I tried few solutions but they are not working, so can someone explain few important changes to make to make it compatible with 2D array also.
#include <mpi.h>
#include <stdio.h>
#include <stdlib.h>
// size of array
#define n 10
int a[] = { 1, 2, 3, 4, 5, 6, 7, 8, 9, 10 };
// Temporary array for slave process
int a2[1000];
int main(int argc, char* argv[])
{
int pid, np,
elements_per_process,
n_elements_recieved;
// np -> no. of processes
// pid -> process id
MPI_Status status;
// Creation of parallel processes
MPI_Init(&argc, &argv);
// find out process ID,
// and how many processes were started
MPI_Comm_rank(MPI_COMM_WORLD, &pid);
MPI_Comm_size(MPI_COMM_WORLD, &np);
// master process
if (pid == 0) {
int index, i;
elements_per_process = n / np;
// check if more than 1 processes are run
if (np > 1) {
// distributes the portion of array
// to child processes to calculate
// their partial sums
for (i = 1; i < np - 1; i++) {
index = i * elements_per_process;
MPI_Send(&elements_per_process,
1, MPI_INT, i, 0,
MPI_COMM_WORLD);
MPI_Send(&a[index],
elements_per_process,
MPI_INT, i, 0,
MPI_COMM_WORLD);
}
// last process adds remaining elements
index = i * elements_per_process;
int elements_left = n - index;
MPI_Send(&elements_left,
1, MPI_INT,
i, 0,
MPI_COMM_WORLD);
MPI_Send(&a[index],
elements_left,
MPI_INT, i, 0,
MPI_COMM_WORLD);
}
// master process add its own sub array
int sum = 0;
for (i = 0; i < elements_per_process; i++)
sum += a[i];
// collects partial sums from other processes
int tmp;
for (i = 1; i < np; i++) {
MPI_Recv(&tmp, 1, MPI_INT,
MPI_ANY_SOURCE, 0,
MPI_COMM_WORLD,
&status);
int sender = status.MPI_SOURCE;
sum += tmp;
}
// prints the final sum of array
printf("Sum of array is : %d\n", sum);
}
// slave processes
else {
MPI_Recv(&n_elements_recieved,
1, MPI_INT, 0, 0,
MPI_COMM_WORLD,
&status);
// stores the received array segment
// in local array a2
MPI_Recv(&a2, n_elements_recieved,
MPI_INT, 0, 0,
MPI_COMM_WORLD,
&status);
// calculates its partial sum
int partial_sum = 0;
for (int i = 0; i < n_elements_recieved; i++)
partial_sum += a2[i];
// sends the partial sum to the root process
MPI_Send(&partial_sum, 1, MPI_INT,
0, 0, MPI_COMM_WORLD);
}
// cleans up all MPI state before exit of process
MPI_Finalize();
return 0;
}
You can simplify a lot by using MPI_Reduce instead of MPI_Send/MPI_Recv:
Reduces values on all processes to a single value
A nice tutorial about that routine can be found here.
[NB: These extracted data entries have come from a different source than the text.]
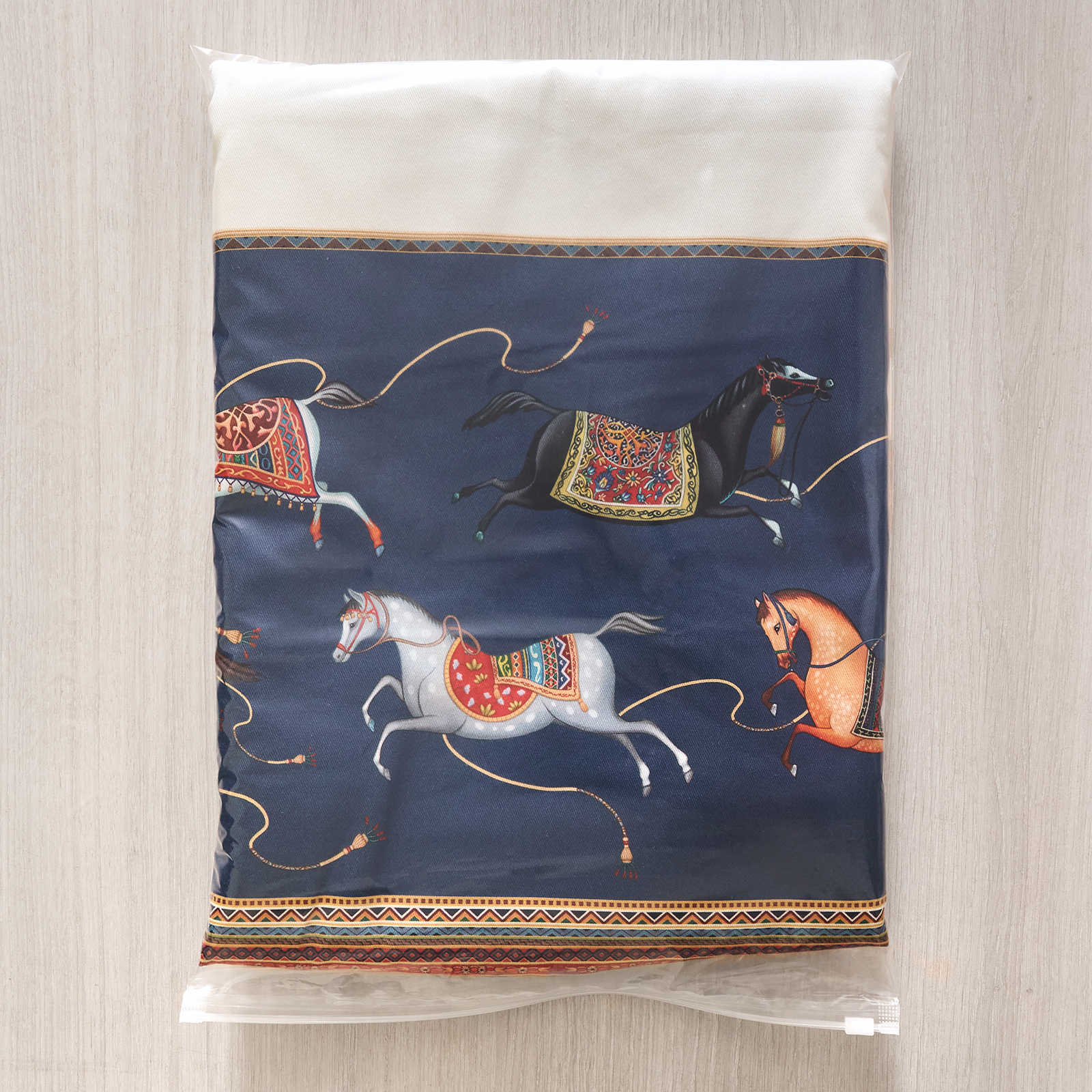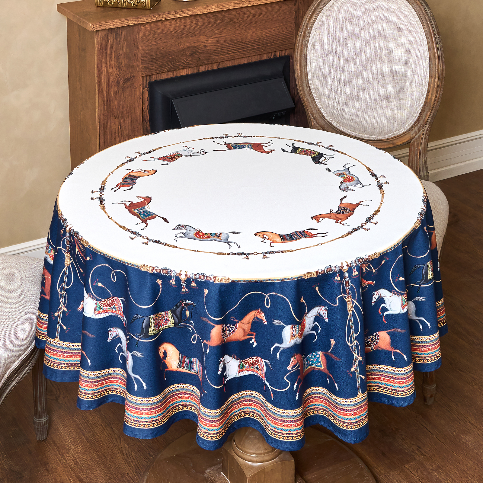 Темно-синий фон украшен авторским орнаментом с изящными лошадьми — символом 2026 года. Такой принт делает скатерть особенно уместной для праздничной сервировки и стильным украшением интерьера. Рисунок разработан художниками Lefard и нанесён методом цифровой печати, что обеспечивает стойкость красок даже после множества стирок.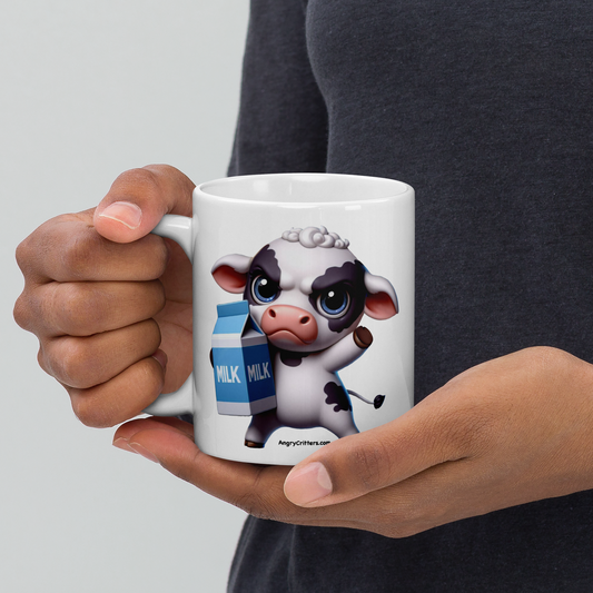 Angry Cow with Milk White glossy mug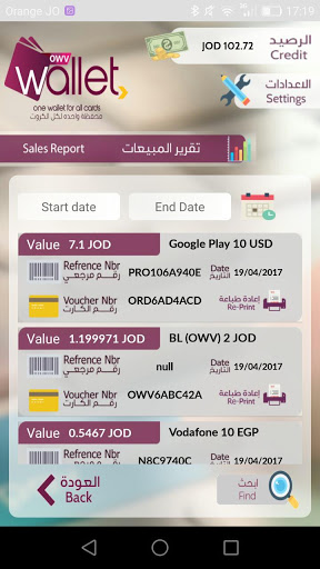 owvwallet is one station for all recharge cards . user can buy balance from re-Sellers directly , then he will be able to use that balance to buy any card like mobile cards and applications vouchers .... etc
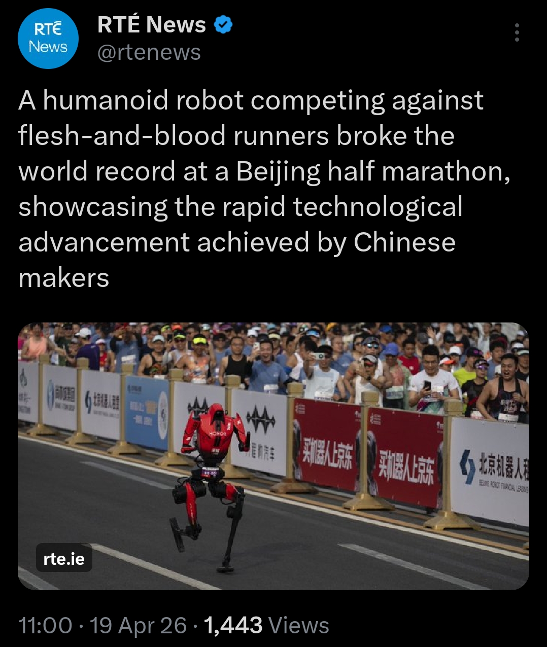 okay? but a skateboard is also faster than a running human, it's not a huge surprise that machines are faster than humans, it's not like humans are particularly fast even among animals, I imagine a cat can outrun humans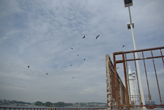 多くのトンビが舞う堤防の先へと場所を移すことにした。この堤防は釣り人が多く、そのエサや釣れた魚を狙ってトンビが集まってくるのだ。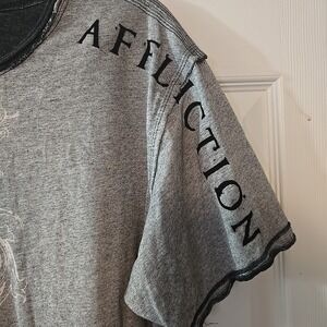 Affliction Graphic T-Shirt Gray Double Sided Short Sleeve Y2K Distressed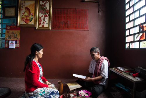 三保公庙自然更是柬埔寨华人慎终追远之所在。殿堂墙上,一侧挂着用工整楷书记下捐建三保公庙华人的名录,一侧是中国元素“梅”与“鱼”画,寓意“坚强、高洁”和“年年有余”。供桌上,一本泛着岁月痕迹的繁体中文解签书静静等待来人的翻阅。不时有信众走进来,对着神像顶礼膜拜,随后晃动签筒,摇出一根签来求解,再虔诚地轻手向解签人递上一叠香火钱。
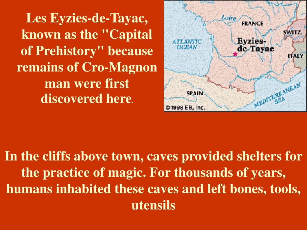 Modern Humans:HOMO SAPIENS SAPIENS • First fossil remains of homo sapiens sapiens -- named Cro-magnon--found in 1868 in a 28,000 year old rock shelter in Les Eyzies-de-Tayac, France • Homo sapiens sapiens very likely evolved from archaic homo sapiens in Africa and/or the Near East • Earliest remains dated to 120,000-100,000 years ago in Near East and South Africa • Began to appear in Europe and East Asia. 50,000-40,000 years ago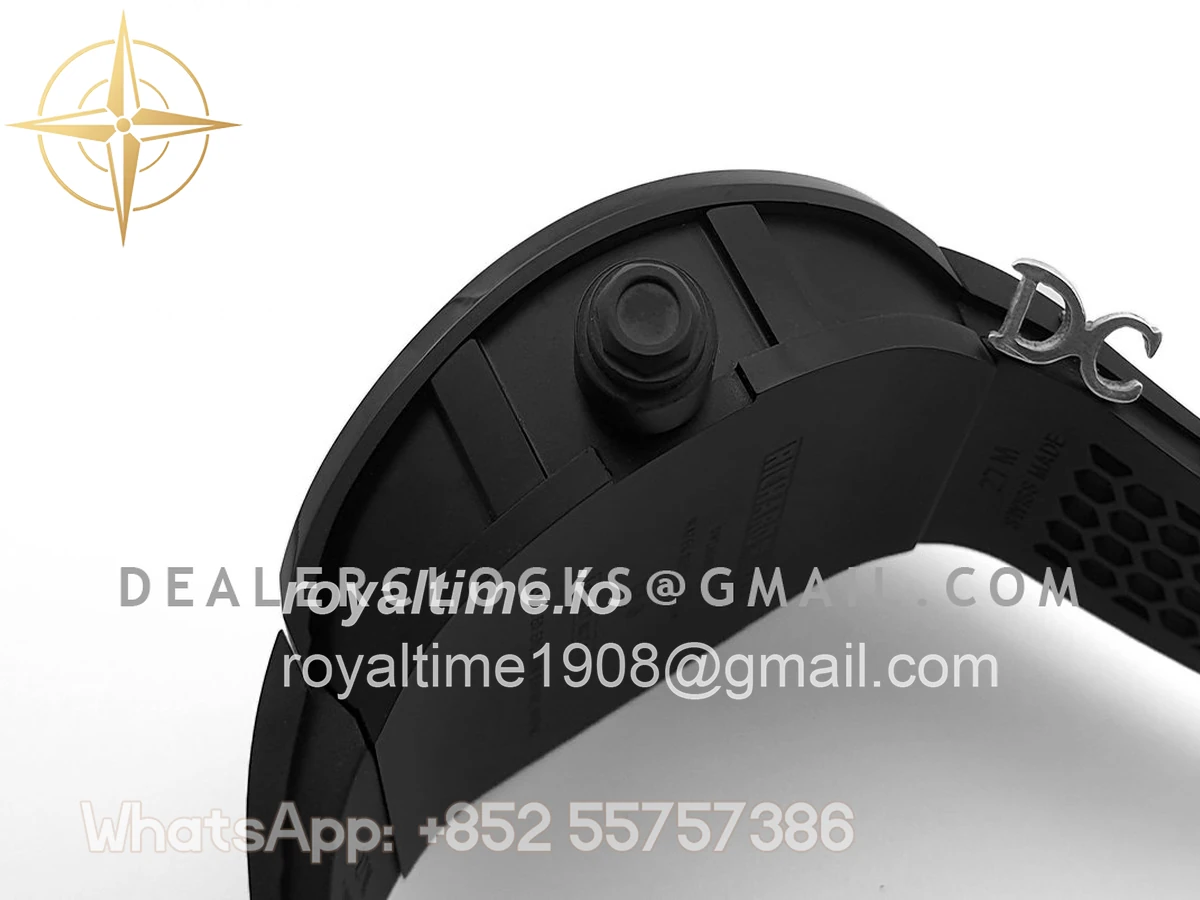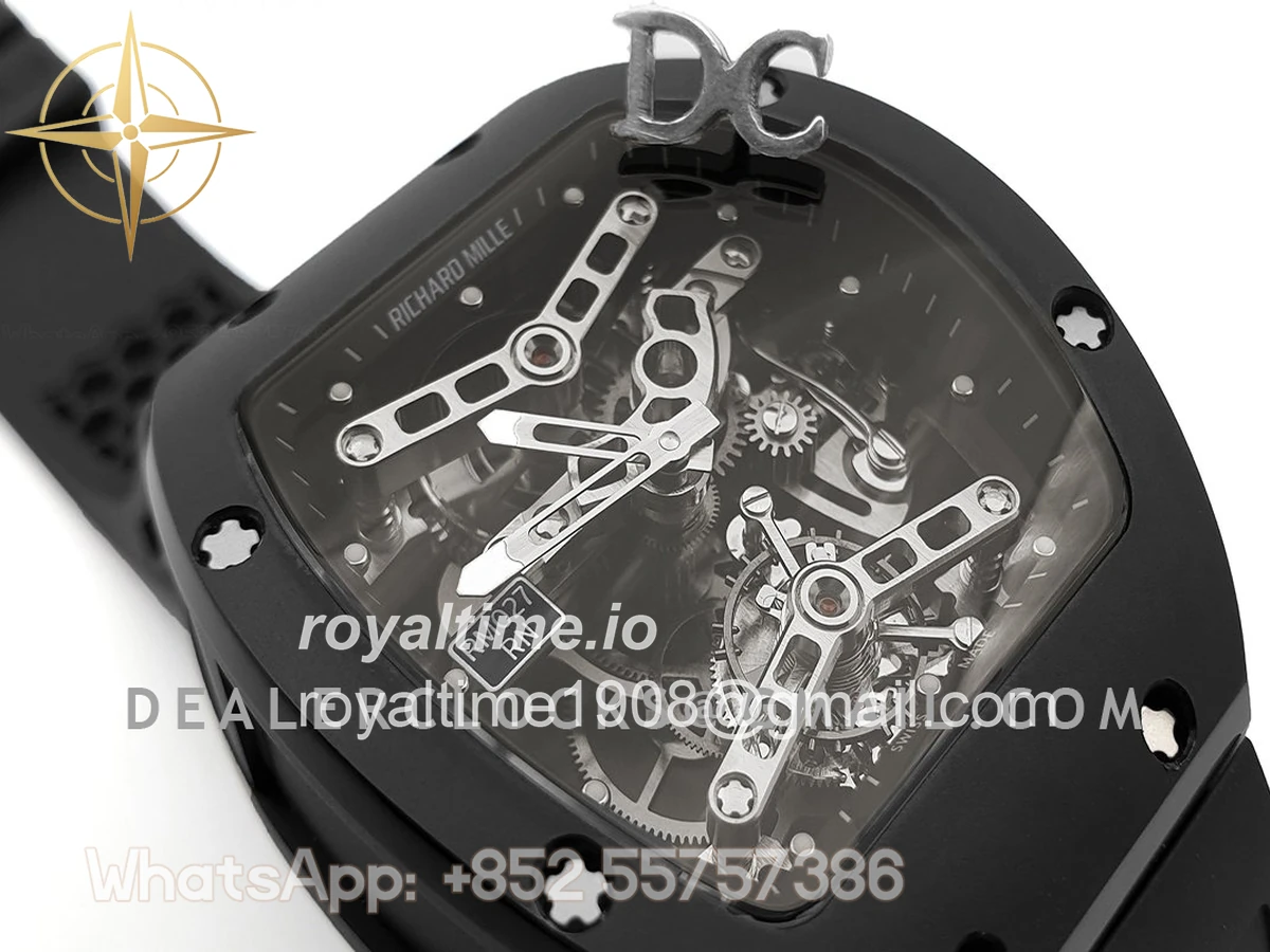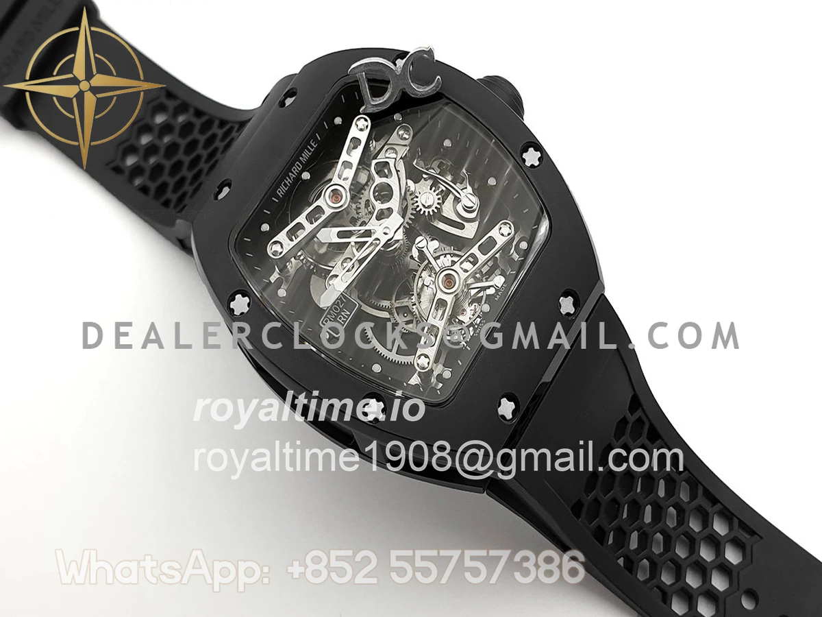 High quality replication of the visually striking Richard Mille RM27 Tourbillon Rafael Nadal on black rubber strap. Size: 51mm x 17.5mm x 30mm Movement: Asian hand winding tourbillon movement Functions: Hours and minutes display Case: PVD plated stainless steel case Crystal: Scratch-proof sapphire crystal Dial: Skeleton dial Bezel: PVD plated stainless steel bezel Strap: Black rubber strap with tang buckle Water resistance: >20 meters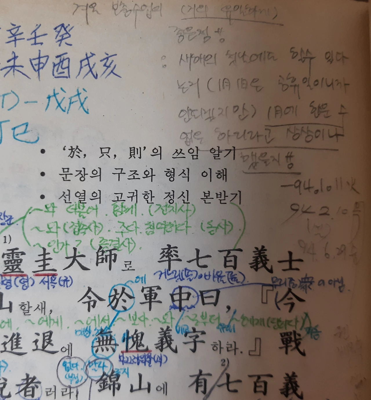 고1 겨울방학에 처음으로(어쩌면 3년 동안 유일하게) 한문 보충수업을 했습니다. 1월 3일 월요일 3교시 칠백의총, 1월 12일 수요일 2교시 형제투금, 1월 15일 토요일 4교시 차계기환. "겨울 보충수업의 (거의 유일하게) 좋은 점! : 새해의 첫 달에도 할 수 있다는 거. (1월 1일은 공휴일이니까 안 되겠지만) 1월에 한문 수업을 하리라고 상상이나 했을지!" 교과서 한켠에 쓴 말처럼 보충 세 시간은 한없이 설레고 가슴 뛰는 순간이었습니다.
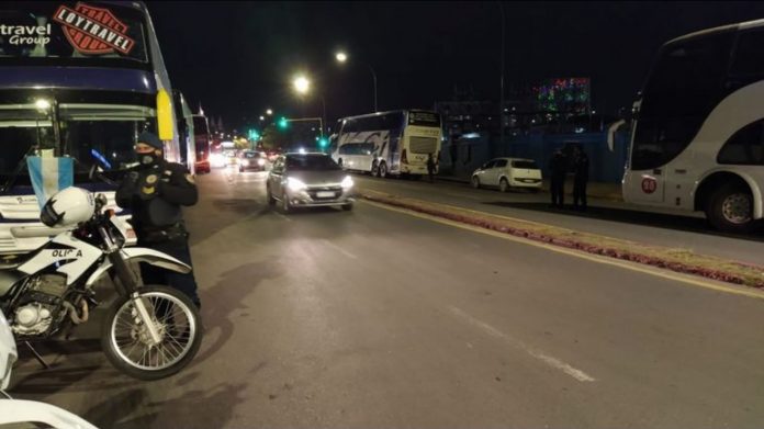 La protesta, que es llevada a cabo por transportistas privados, agencieros de viajes y conductores, comenzó este lunes a la mañana y continúa en horas de la noche.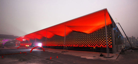沪上生态家看完远大馆就去城市最佳实践区,剩下的企业馆下午再去看。过去之后大阪、台北的展馆都算不错,还有巴西圣保罗的案例都值得一看。看到天桥后就上去,在靠近中山南路那边是城市最佳实践区最精彩的北部建设案例区。 在那里有上海的“沪上生态家”,告诉大家现代居住环境的创新。还有百年老当铺——澳门德成按,上去有金庸图书馆,你喜欢的武侠人物会出现,运气好的话会碰上金庸亲自签名售书。另外西安的大明宫和宁波的滕头村也不错。国外方面我大家去伦敦的零碳馆,汉堡的汉堡之家,沙特麦加的帐篷城,还有马德里的竹屋。对了,忘记告诉大家了,城市最佳实践区本身就是个展品,所有的灯光效果来自法国里昂的设计。 看完这些之后,大家重新过天桥去南部街区,你会看到有个广场,叫世界城市广场,走累了可以在帐篷下乘凉,那些大型遮阳棚的造价是200万一把啊!广场中央有舞台,可以看演出,烟囱底下是未来馆,下午去看。时值中午,首要任务是吃饭,未来馆靠近天桥那边的餐厅是浦西最大的,我去那里吃。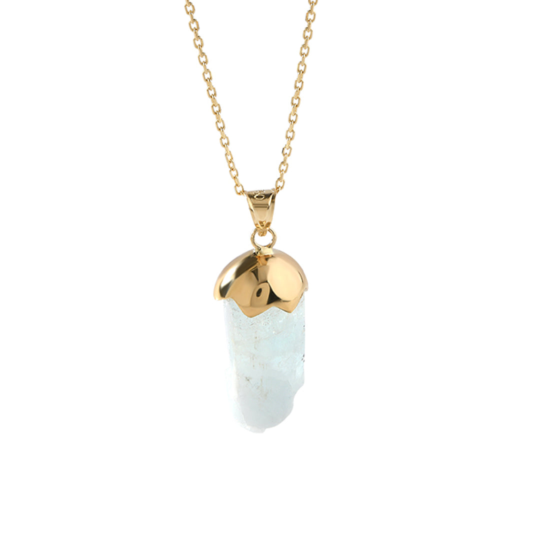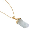 Experience the serene beauty of the ocean with this 18K Gold Raw Aquamarine Pendant Necklace. Featuring a naturally uncut aquamarine gemstone, delicately encased in a golden petal cap, this piece radiates effortless elegance and natural charm.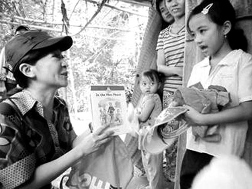 8 月底,島內(nèi)作家吳淡如來到越南探望了自己認養(yǎng)的女孩阮垂銀。據(jù)悉,正在念小學三年級的阮垂銀有一個小兩歲的妹妹,父親是木工,但因病無法工作,全家就靠媽媽編斗笠、賣魚,每天賺1.6 美元維持生活。阮垂銀一家住在約3.3 平方米大的鐵皮屋里,晚上共擠一張木床。吳淡如到訪時當?shù)卣麓笥,阮垂銀家到處漏雨,由于屋內(nèi)沒有灶臺,她淋著雨在石頭搭成的爐子上給來客燒開水泡茶。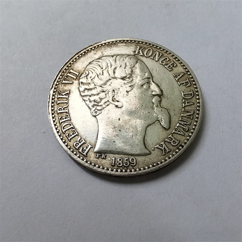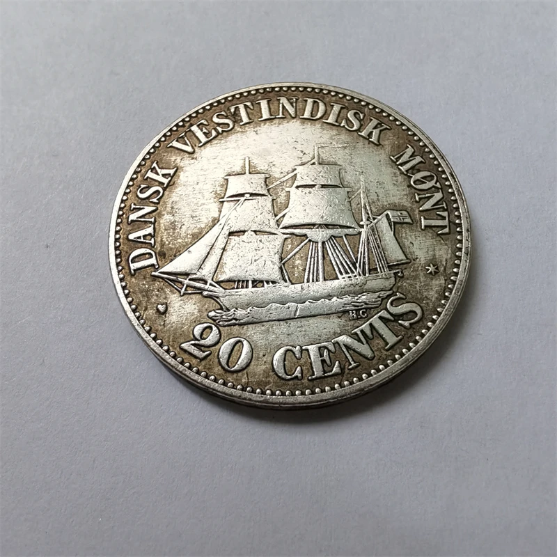 This antique-style collectible coin replica mimics a 20 cents coin from the Danish West Indies, dated 1859, and crafted between 1840 and 1859. Made from metal using casting techniques, it features intricate engravings, including a profile portrait of a bearded man facing right, surrounded by inscriptions such as “FREDERIK VII KONGE AF DANMARK” and the date “1859,” as well as a detailed sailing ship on the reverse with multiple masts and square-rigged sails, set against a plain background. The coin has a weathered, vintage appearance with a matte, silvery finish, emphasizing its handcrafted, antique aesthetic—perfect for collectors seeking a historical replica.

So each process contains an array (e.g., process 0 { 1, 2, 3, 4, 5} and process 1 {6, 7, 8, 9, 10 }) and performs the partial sum of that array. In the end, each process uses MPI_Reduce to sum all the partial sums into a single value available to the master process (it could have been another process as well). Have a look at this example:
#include <mpi.h>
#include <stdio.h>
#include <stdlib.h>
int main(int argc, char* argv[]){
int np, pid;
MPI_Init(&argc, &argv);
MPI_Comm_rank(MPI_COMM_WORLD, &pid);
MPI_Comm_size(MPI_COMM_WORLD, &np);
int partial_sum = 0;
if (pid == 0) {
int a[] = { 1, 2, 3, 4, 5};
for(int i = 0; i < 5; i++)
partial_sum += a[i];
}
else if (pid == 1){
int a[] = {6, 7, 8, 9, 10};
for(int i = 0; i < 5; i++)
partial_sum += a[i];
}
int sum;
MPI_Reduce(&partial_sum, &sum, 1, MPI_INT, MPI_SUM, 0, MPI_COMM_WORLD);
if (pid == 0){
printf("Sum of array is : %d\n", sum);
}
MPI_Finalize();
return 0;
}
This code only works with 2 processes (and it is kind of silly( but I am using it to showcase the use of the MPI_Reduce.
I tried few solutions but they are not working, so can someone explain
few important changes to make to make it compatible with 2D array
also.
If you adapt your code to use the MPI_Reduce as I have shown, then it does not matter if it a 1D or 2D array, because you will first do the partial sum into a single value and then performance the reduction.
Alternatively, you can also have each row assigned to a process and then perform a reduction of the entire array, and then the master process performs the sum of the resulting array.
An example:
#include <mpi.h>
#include <stdio.h>
#include <stdlib.h>
int main(int argc, char* argv[]){
int np, pid;
MPI_Status status;
MPI_Init(&argc, &argv);
MPI_Comm_rank(MPI_COMM_WORLD, &pid);
MPI_Comm_size(MPI_COMM_WORLD, &np);
int partial_sum = 0;
int size = 5;
int a[5] = {1, 2, 3 , 4, 5};
int sum[5] = {0};
MPI_Reduce(&a, &sum, size, MPI_INT, MPI_SUM, 0, MPI_COMM_WORLD);
if (pid == 0){
int total_sum = 0;
for(int i = 0; i < size; i++)
total_sum += sum[i];
printf("Sum of array is : %d\n", total_sum);
}
MPI_Finalize();
return 0;
}
Output (for two processes):
Sum of array is : 30
Related
I am new to programing with MPI and I have an exercise where I have to multiply 2 matrices using MPI_Send and MPI_Recv while sending both matrices to my processes and sending back the result to the root process. (both matrices are square and N is equal to the number of processes).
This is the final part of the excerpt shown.